I’ve been reading the Inspector Montalbano series by Andrea Camilleri. These books take place in Sicily, in Catania, outside Palermo, where the clever, savvy, well-fed Police Inspector navigates working in southern Italy. The descriptions of the food he eats alone makes reading the books worthwhile, and they’ve taken me down memory lane quite a bit recently.
There’s one passage where he takes his lover to the Vucciria market (she’s from Genoa, up North) while they stay in Palermo and it brought me right back to walking through and smelling all the fresh fish, sea water, blood and flesh of newly slaughtered animali, fruits and vegetables, all mingling together, while hearing shouts of prices in Sicilian and people arguing, with slick, wet stone streets full of people not paying attention meandering, looking for ingredients or a meal. A marvelous assault on the senses.

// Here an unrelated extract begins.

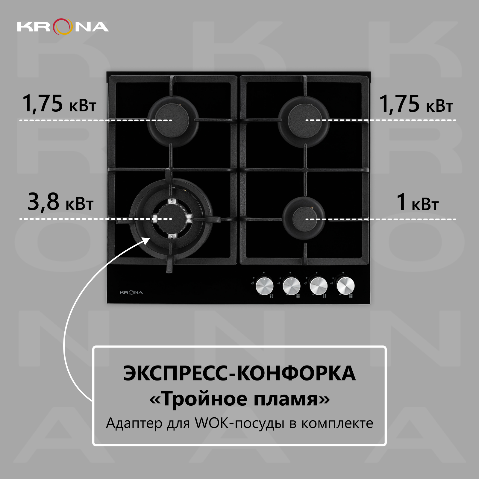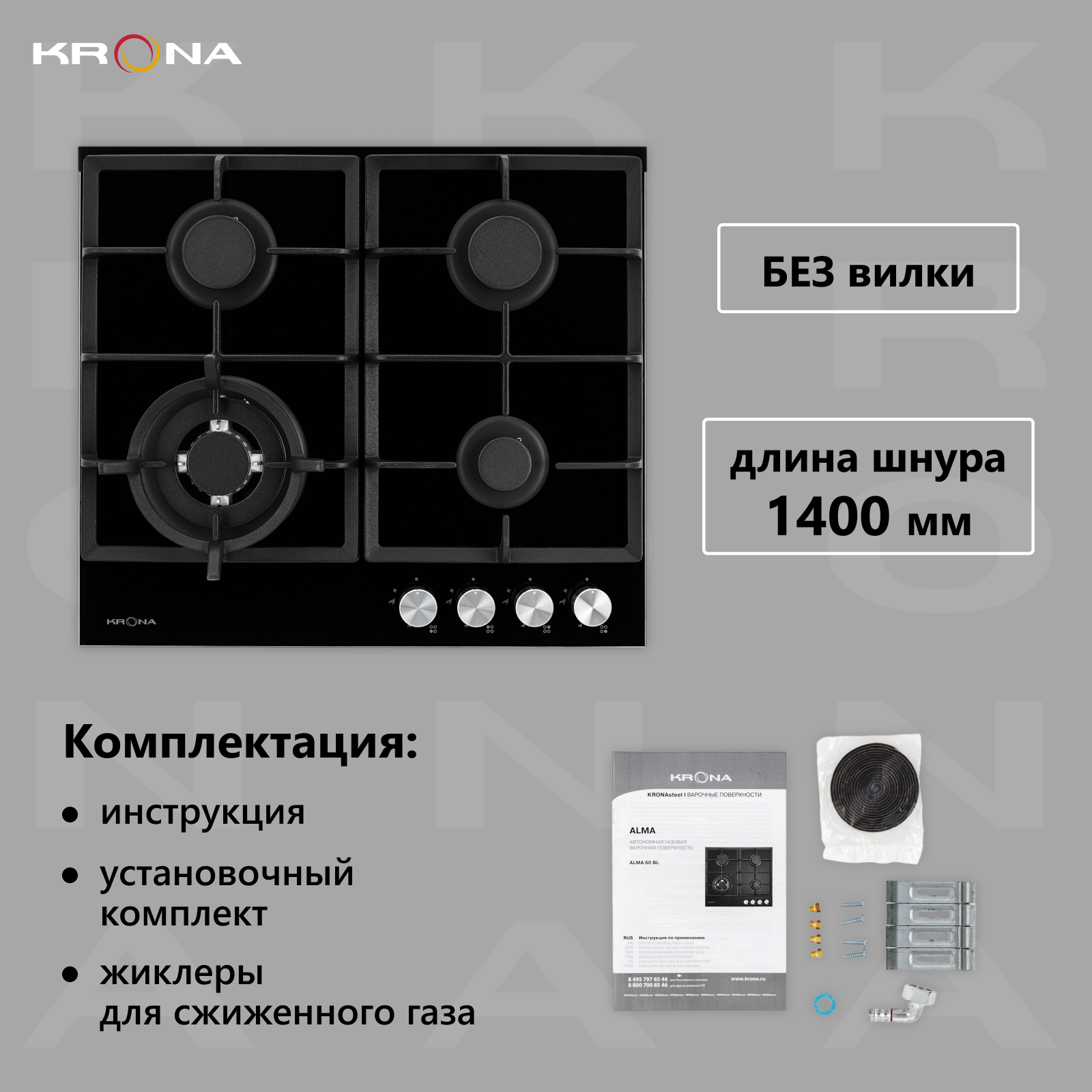 Krona Alma 60 WH Газовая варочная поверхность .

I remember when Exa and I bought some enormous fragole and blood-red ciliegi, or strawberries and cherries, in the Vucciria, from a man who teased us for our passable Italian and gave us DVD’s of him singing songs- I still have the DVD somewhere tucked away. We ate our delicious meal on the balcony of our hostel, fat and happy.
Palermo itself an assault on the senses, visual included. It’s a mishmash of every architectural style all together- one moment you’re in a Baroque church, and the next a Fascist, morbid looking building is around the corner, while down the next block a Greek-style building proudly stands as the neighbor to a Norman-influenced structure. Sicilian itself is a gorgeously harsh dialect (or language- we could discuss this point all day), with Greek and Arabic roots woven in, and if your Italian is not very good, Sicilian will take you for a ride. (We rode the struggle bus the whole time).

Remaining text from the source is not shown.